- [Source material]
******
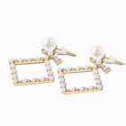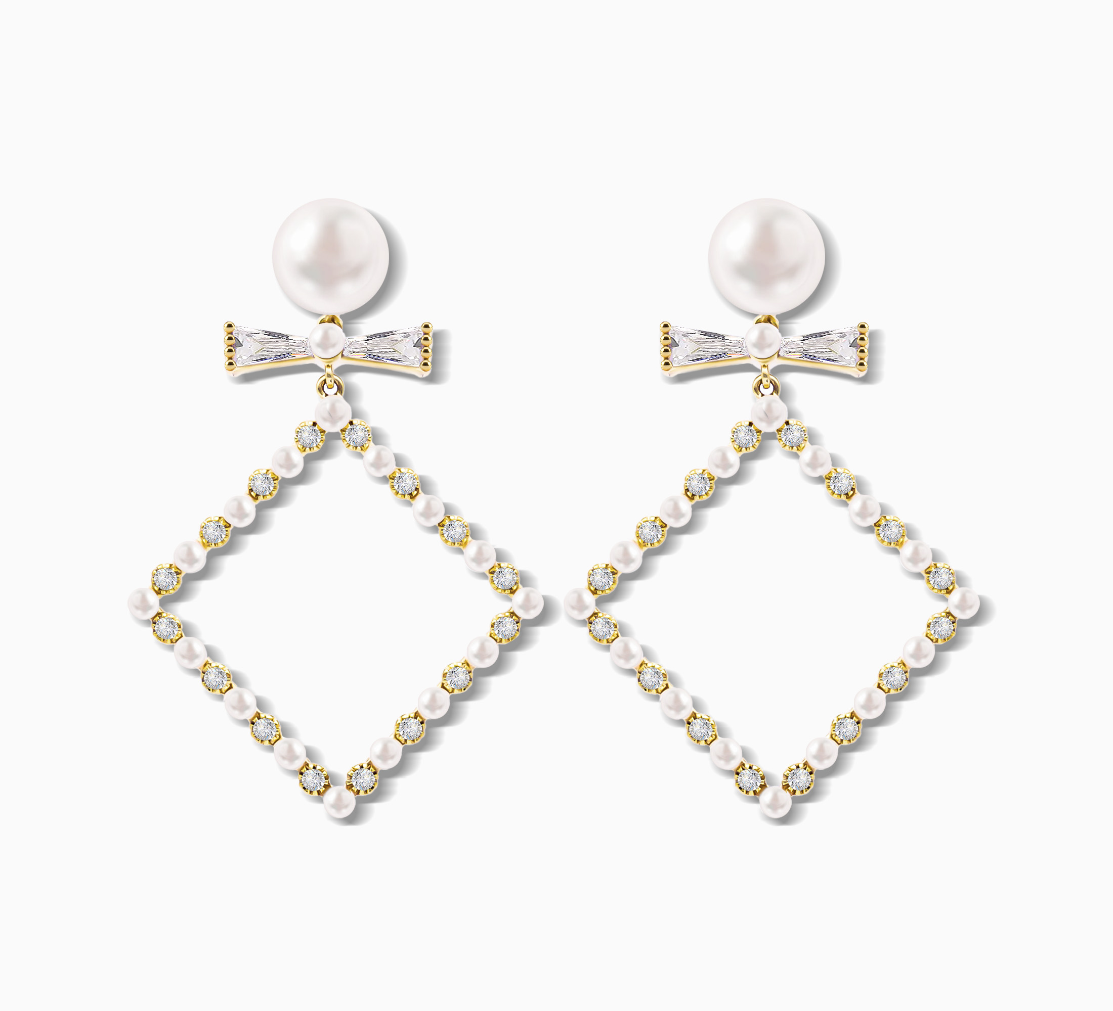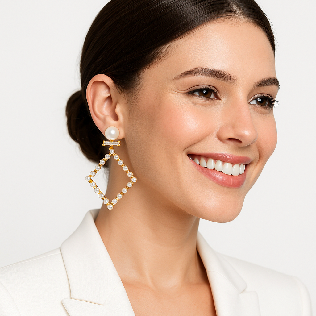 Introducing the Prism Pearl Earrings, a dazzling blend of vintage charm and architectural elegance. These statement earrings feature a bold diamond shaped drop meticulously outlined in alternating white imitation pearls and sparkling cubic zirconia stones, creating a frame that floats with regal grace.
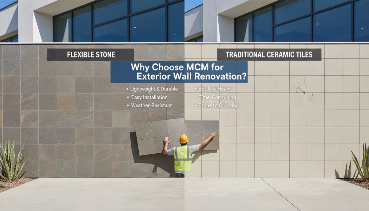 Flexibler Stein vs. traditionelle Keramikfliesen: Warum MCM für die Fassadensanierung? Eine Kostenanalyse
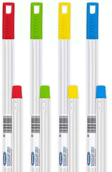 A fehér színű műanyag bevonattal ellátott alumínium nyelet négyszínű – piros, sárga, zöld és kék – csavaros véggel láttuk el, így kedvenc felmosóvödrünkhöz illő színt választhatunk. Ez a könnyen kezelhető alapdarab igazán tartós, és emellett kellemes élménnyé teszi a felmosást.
******
- [What you are asked to do]
Write out the listing above exactly, images omitted.

- [Response to the task]
 Introducing the Prism Pearl Earrings, a dazzling blend of vintage charm and architectural elegance. These statement earrings feature a bold diamond shaped drop meticulously outlined in alternating white imitation pearls and sparkling cubic zirconia stones, creating a frame that floats with regal grace.
 Flexibler Stein vs. traditionelle Keramikfliesen: Warum MCM für die Fassadensanierung? Eine Kostenanalyse
 A fehér színű műanyag bevonattal ellátott alumínium nyelet négyszínű – piros, sárga, zöld és kék – csavaros véggel láttuk el, így kedvenc felmosóvödrünkhöz illő színt választhatunk. Ez a könnyen kezelhető alapdarab igazán tartós, és emellett kellemes élménnyé teszi a felmosást.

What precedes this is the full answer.